The proposed acquisition would leave Google and Microsoft as the only major conduits connecting advertisers and online publishers – until a better search technology comes along.
The more people who look for deals on eBay, or create a Facebook page, or post jobs on Craigslist, the more valuable these sites are for subsequent users. It's called a network effect, and it's behind the tendency in a lot of high-tech industries to consolidate into one or two dominant companies.
It's also the backdrop of the fight between Microsoft and Google this week over control of mutual rival Yahoo!. Microsoft made a $44.6 billion bid Friday for the struggling Internet leader, after failing to persuade government regulators last year to stop Google's merger with ad serving company DoubleClick. Microsoft argued at the time that it could not catch up to Google in delivering certain forms of online advertising because of network effects.
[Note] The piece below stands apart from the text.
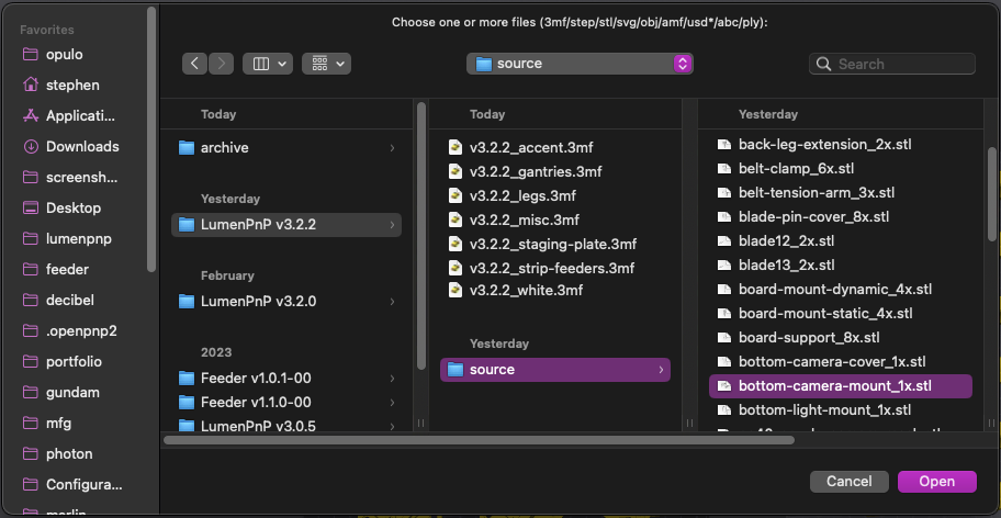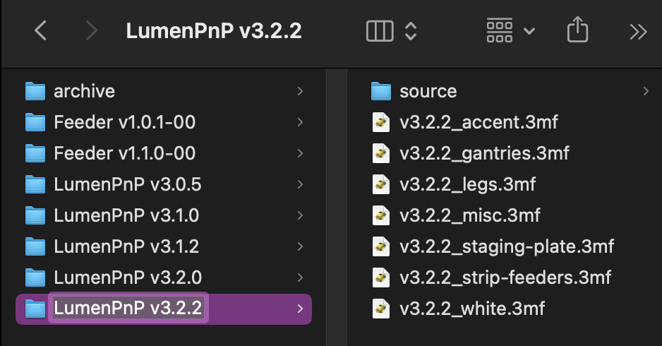 - Go to the latest release (LumenPnP)(Feeders) for the product you're updating.

Now Google has reacted to Microsoft's bid by leveling the same cry of creeping monopoly, arguing that a Microsoft- Yahoo! combination would dominate in e-mail, instant messaging, and Web portals. "Could Microsoft now attempt to exert the same sort of inappropriate and illegal influence over the Internet that it did with the PC?" reads Google's press statement.
Above all, the acquisition would leave Google and Microsoft as the only major conduits connecting advertisers and online publishers. Just how much that bothers certain analysts depends somewhat on whether they think network effects would solidify an unhealthy dominance.